** GIVEN ENTRIES follows **

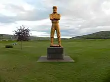 A 12-foot-tall (3.7 m) wooden statue stands at the Riverfront Park in Peace River to commemorate Henry Fuller Davis, one of the most famous figures in the Town of Peace River's history. His “Twelve-Foot Davis” nickname stems from the 12-foot land claim during the Cariboo Country gold rush in British Columbia which netted him almost $30,000 worth of gold. He took these profits and staked it all on a trading post close to where the Town of Peace River stands today. It is for this reason that the Town of Peace River is sometimes referred to as the Land of Twelve-Foot Davis. Twelve-Foot Davis' gravesite is designated a park and is located on the top of Grouard Hill just east of the town.
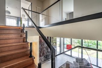 - Изюминкой дома являются раздвижные оконные порталы в гостиной и на кухне, а также стеклянные эркеры (Oriel) в гостевых спальнях.
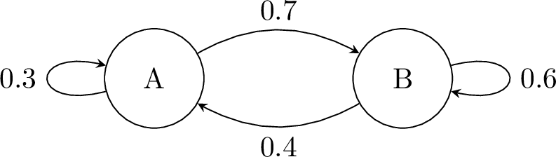 A laboratory rat is placed in a maze with two rooms, Room A and Room B. The transition diagram below shows the probability of the rat moving between rooms or staying in the same room every minute.
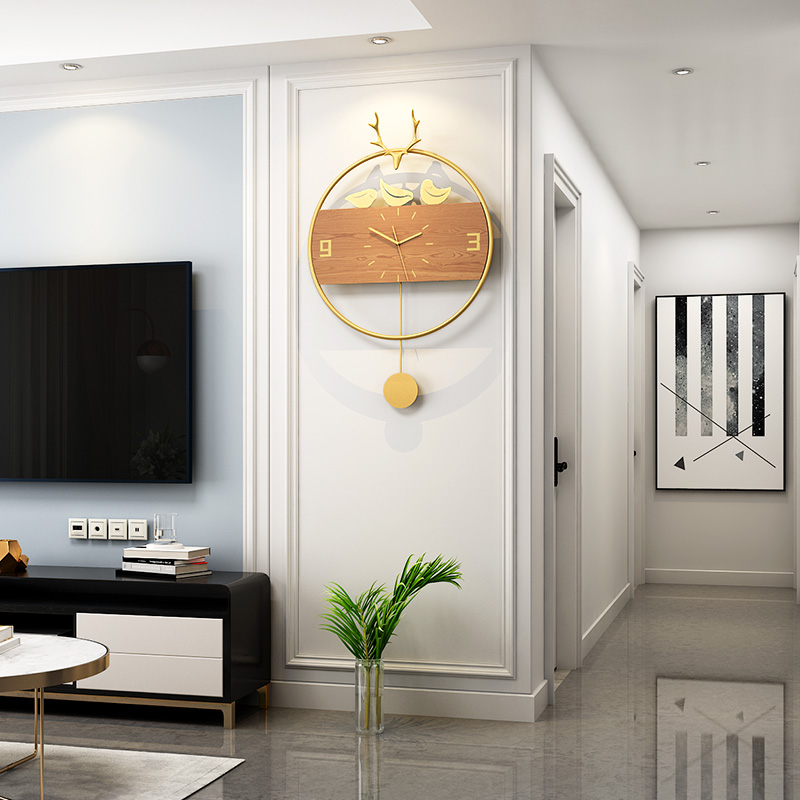 Nordic deer head wall clock living room home creative fashion personality light luxury art decoration simple modern silent clock
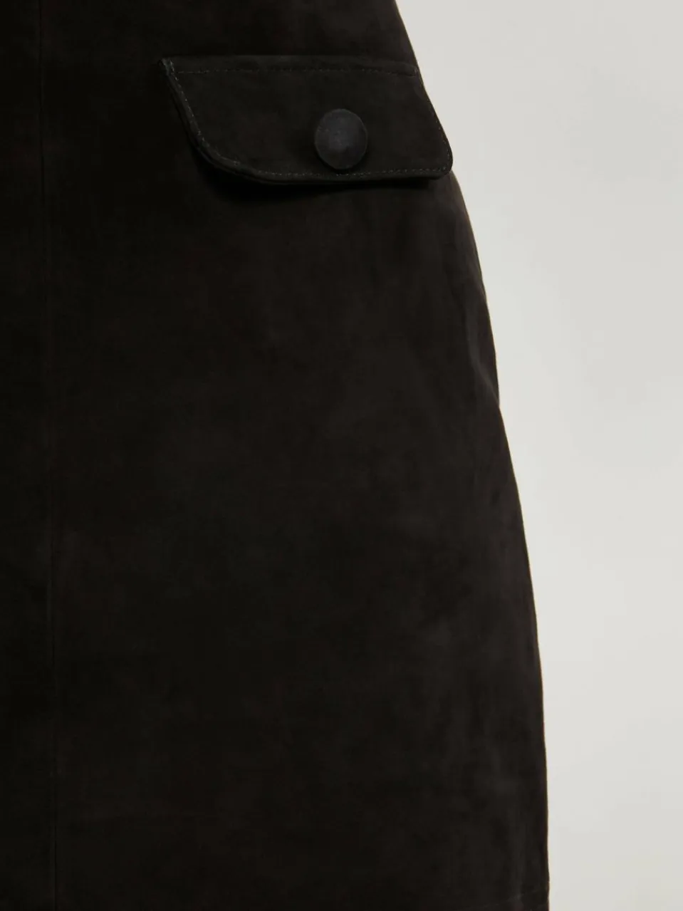 Dieser hoch taillierte, gerade geschnittene Rock endet oberhalb des Knies und strahlt Raffinesse aus. Die glatte Vorderseite und die aufgesetzten Taschen mit Knöpfen verleihen ihm eine elegante Note. Aus weichem Material in Wildlederoptik gefertigt, das eine strukturierte Oberfläche bietet, kombiniert er Struktur und Flexibilität in der Passform. Mit sauberem Saum und verdecktem Verschluss ist dieser Rock perfekt für alle, die einen gepflegten und dennoch vielseitigen Look suchen.
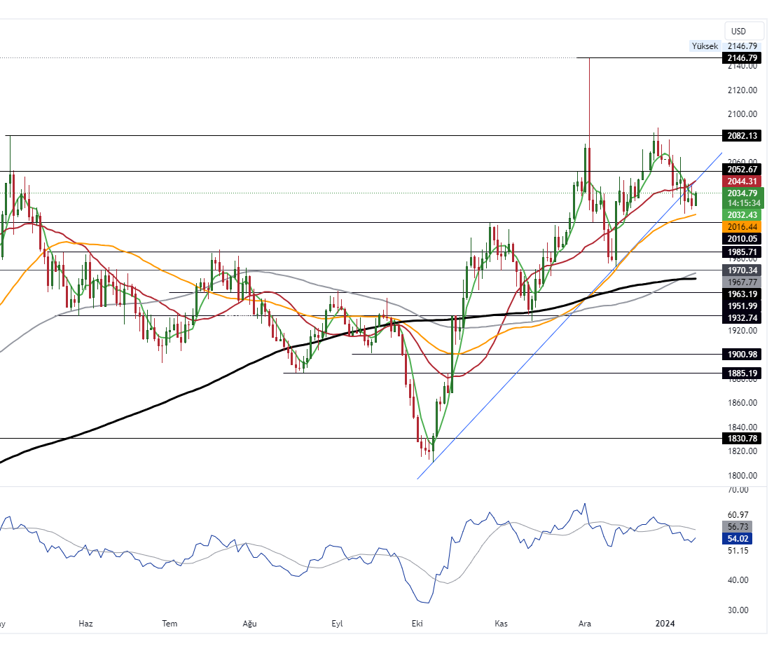 Fed, 2023 yılının Aralık ayındaki toplantısında, 2024 yılında üç kez faiz indirimi yapmayı planladığını duyurmuştu. Bu beklentiyle birlikte yılbaşından önce yukarı yönlü fiyatlanan Ons Altın, faiz indirimlerine 2024’ün ikinci çeyreğinde başlanması ihtimallerin ön plana çıkmasıyla birlikte yeni yılda satıcılı bir seyir izlemişti. ABD’de bugün aralık ayı TÜFE enflasyon verisi ve işsizlik haklarından yararlanma başvuruları verileri piyasaların gündeminde olacak. Beklentiler enflasyonun yıllık bazda yüzde 3,3 seviyesine yükselmesi yönünde olurken aylık bazda yüzde 0,2 seviyesinde artış yaşanması bekleniyor. İşsizlik haklarından yararlananlarının sayısının 8K artışla birlikte 210K olması bekleniyor.

** End of GIVEN ENTRIES **

WHAT IS BEING ASKED:
Could you write out exactly the lines of the data above that run from the one holding "Nordic deer head" to the one holding "Dieser hoch taillierte, gerade", with both ends in and all pictures out?

EXERCISE SOLUTION:
 Nordic deer head wall clock living room home creative fashion personality light luxury art decoration simple modern silent clock
 Dieser hoch taillierte, gerade geschnittene Rock endet oberhalb des Knies und strahlt Raffinesse aus. Die glatte Vorderseite und die aufgesetzten Taschen mit Knöpfen verleihen ihm eine elegante Note. Aus weichem Material in Wildlederoptik gefertigt, das eine strukturierte Oberfläche bietet, kombiniert er Struktur und Flexibilität in der Passform. Mit sauberem Saum und verdecktem Verschluss ist dieser Rock perfekt für alle, die einen gepflegten und dennoch vielseitigen Look suchen.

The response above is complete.